Stored items from a collection
────────────────

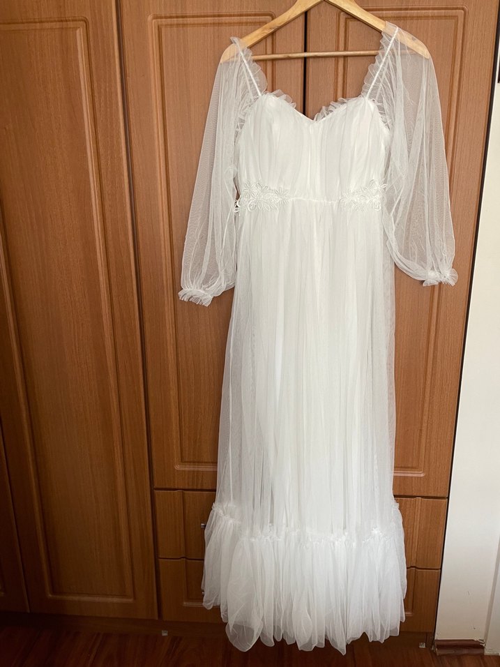 Beyaz bohem elbise straplez yaka, ince askılı bol uzun kollara ve uzun A kesim siluete sahiptir. Hafif ve rahat bir yapıya sahiptir.
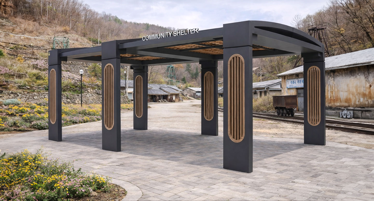어반아치 쉘터 (Urban Arch Shelter)|GC-P-2106 제품목록으로 바로가기 자료 및 바로가기 나라장터 바로연결 도면 다운로드 시공사진 보러가기 기타 유려한 아치 지붕과 우드 루버 기둥을 조합해 자연광과 바람을 부드럽게 조절하며, 다양한 공간에서 세련된 휴식과 소통을 제공하는 모던 쉼터입니다. 제품명 어반아치 쉘터 (Urban Arch Shelter)|GC-P-2106 물품식별번호 25565468 규격 8,000 × 4,000 × 3,000(H) 재질 stl, galvanized, polycarbonate, hard wood, hpl 어반아치 쉘터 (Urban Arch Shelter)|GC-P-2106 물품식별번호 25565468 규격 8,000 × 4,000 × 3,000(H) 재질 stl, galvanized, polycarbonate, hard wood, hpl 기타 유려한 아치 지붕과 우드 루버 기둥을 조합해 자연광과 바람을 부드럽게 조절하며, 다양한 공간에서 세련된 휴식과 소통을 제공하는 모던 쉼터입니다. 자료 및 바로가기 나라장터 바로연결 도면 다운로드 시공사진 보러가기
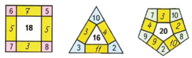Занимательные рамки - это такие рамки, у которых сумма чисел вдоль каждой стороны равна числу, стоящему в центре рамки.
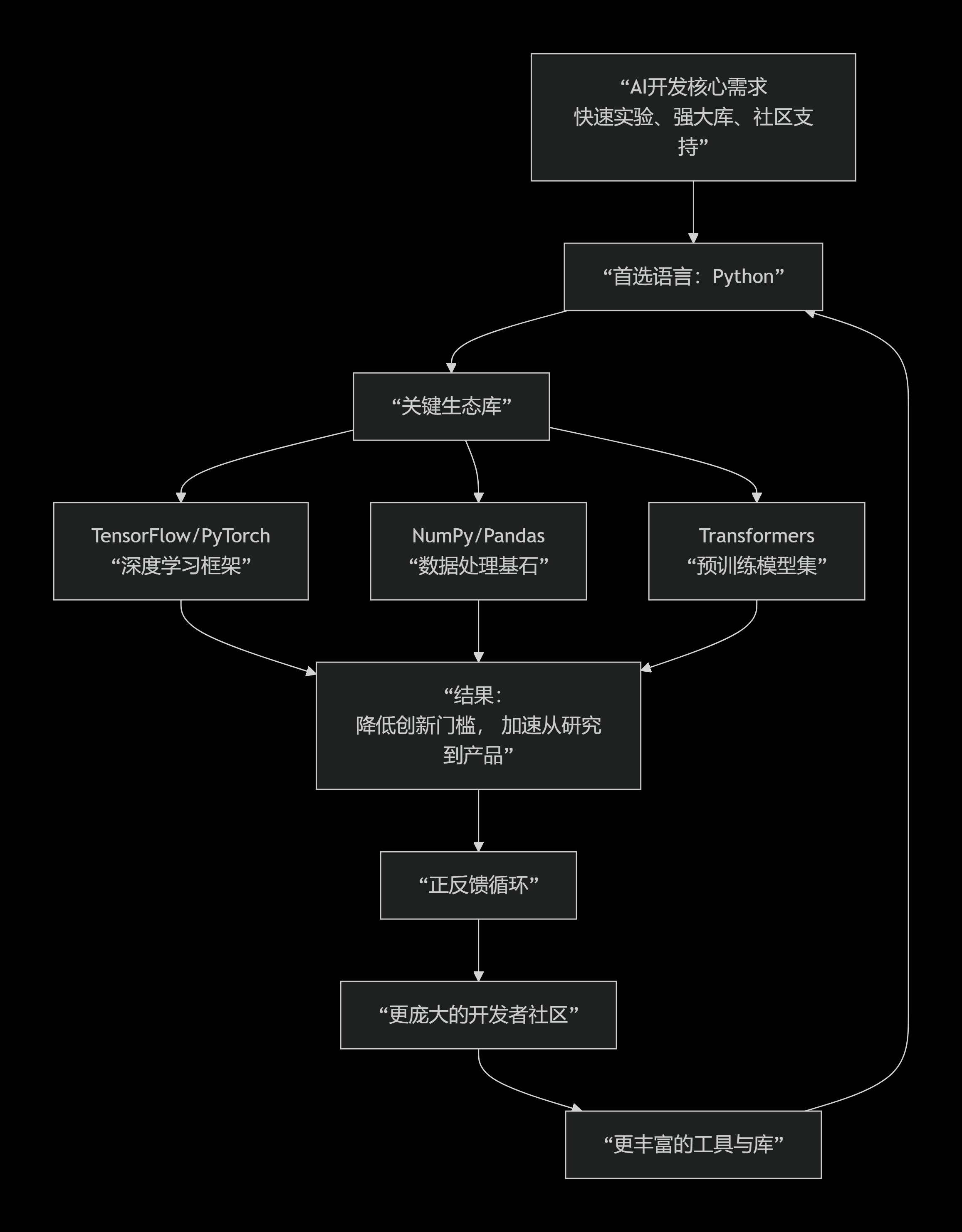 Python并非性能最快的语言,但它的简洁、可读性和庞大的科学计算库,使其成为了AI研究的“通用语”。从训练大模型到处理数据,Python生态提供了最完整的工具链。
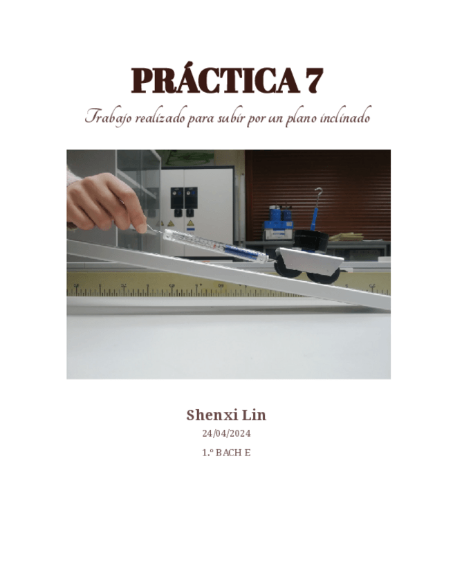 Informe de práctica de laboratorio en 1 bachillerato sobre el trabajo realizado para subir por un plano inclinado
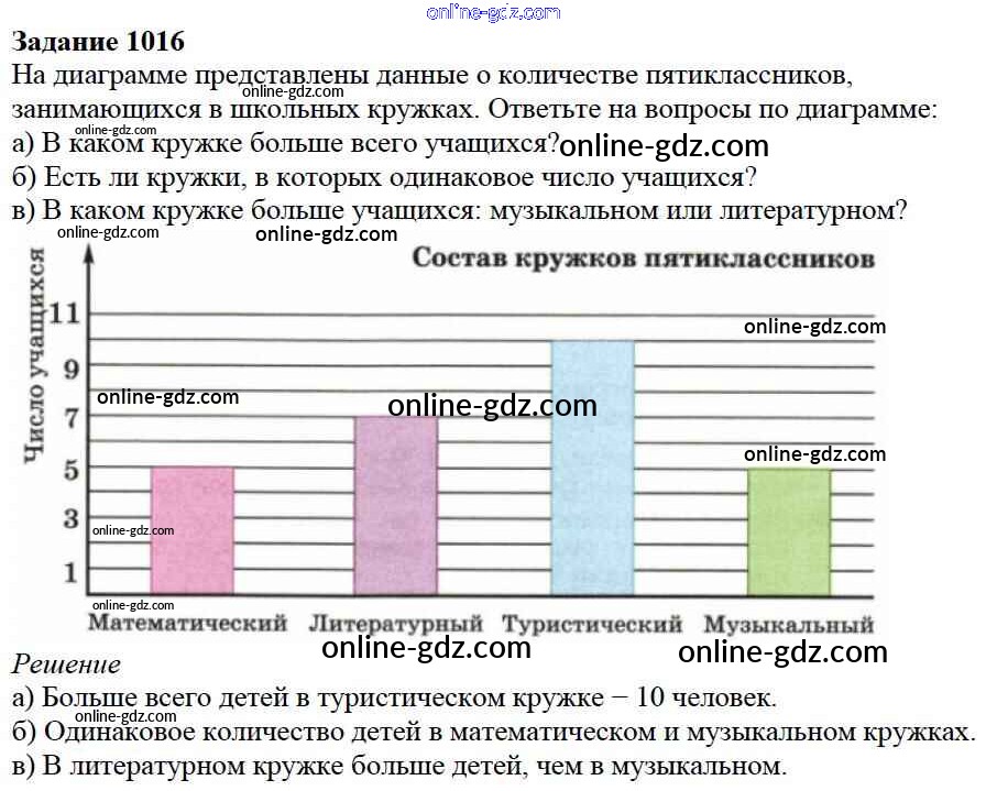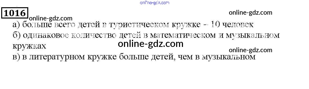 Готовые домашние задания по Математике за 5 класс Учебник Дорофеев, Шарыгин 2015 - 11.2. Диаграммы Глава 11. Таблицы и диаграммы 1016
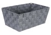 Pleciony koszyk idealny do przechowywania wszelkich drobiazgów. Doskonały zarówno do łazienki, jak i salonu czy sypialni. Pojemny, zgrabny i wielofunkcyjny, może być ozdobą półki, ale również praktycznym organizerem w szafce czy szufladzie. Koszyk zrobiony jest z poliestru i metalu.

────────────────

● **Exercise objective**
Restate each record from above word for word, excluding any picture it holds.

● **Solution below**
 Beyaz bohem elbise straplez yaka, ince askılı bol uzun kollara ve uzun A kesim siluete sahiptir. Hafif ve rahat bir yapıya sahiptir.
어반아치 쉘터 (Urban Arch Shelter)|GC-P-2106 제품목록으로 바로가기 자료 및 바로가기 나라장터 바로연결 도면 다운로드 시공사진 보러가기 기타 유려한 아치 지붕과 우드 루버 기둥을 조합해 자연광과 바람을 부드럽게 조절하며, 다양한 공간에서 세련된 휴식과 소통을 제공하는 모던 쉼터입니다. 제품명 어반아치 쉘터 (Urban Arch Shelter)|GC-P-2106 물품식별번호 25565468 규격 8,000 × 4,000 × 3,000(H) 재질 stl, galvanized, polycarbonate, hard wood, hpl 어반아치 쉘터 (Urban Arch Shelter)|GC-P-2106 물품식별번호 25565468 규격 8,000 × 4,000 × 3,000(H) 재질 stl, galvanized, polycarbonate, hard wood, hpl 기타 유려한 아치 지붕과 우드 루버 기둥을 조합해 자연광과 바람을 부드럽게 조절하며, 다양한 공간에서 세련된 휴식과 소통을 제공하는 모던 쉼터입니다. 자료 및 바로가기 나라장터 바로연결 도면 다운로드 시공사진 보러가기
Занимательные рамки - это такие рамки, у которых сумма чисел вдоль каждой стороны равна числу, стоящему в центре рамки.
 Python并非性能最快的语言,但它的简洁、可读性和庞大的科学计算库,使其成为了AI研究的“通用语”。从训练大模型到处理数据,Python生态提供了最完整的工具链。
 Informe de práctica de laboratorio en 1 bachillerato sobre el trabajo realizado para subir por un plano inclinado
 Готовые домашние задания по Математике за 5 класс Учебник Дорофеев, Шарыгин 2015 - 11.2. Диаграммы Глава 11. Таблицы и диаграммы 1016
 Pleciony koszyk idealny do przechowywania wszelkich drobiazgów. Doskonały zarówno do łazienki, jak i salonu czy sypialni. Pojemny, zgrabny i wielofunkcyjny, może być ozdobą półki, ale również praktycznym organizerem w szafce czy szufladzie. Koszyk zrobiony jest z poliestru i metalu.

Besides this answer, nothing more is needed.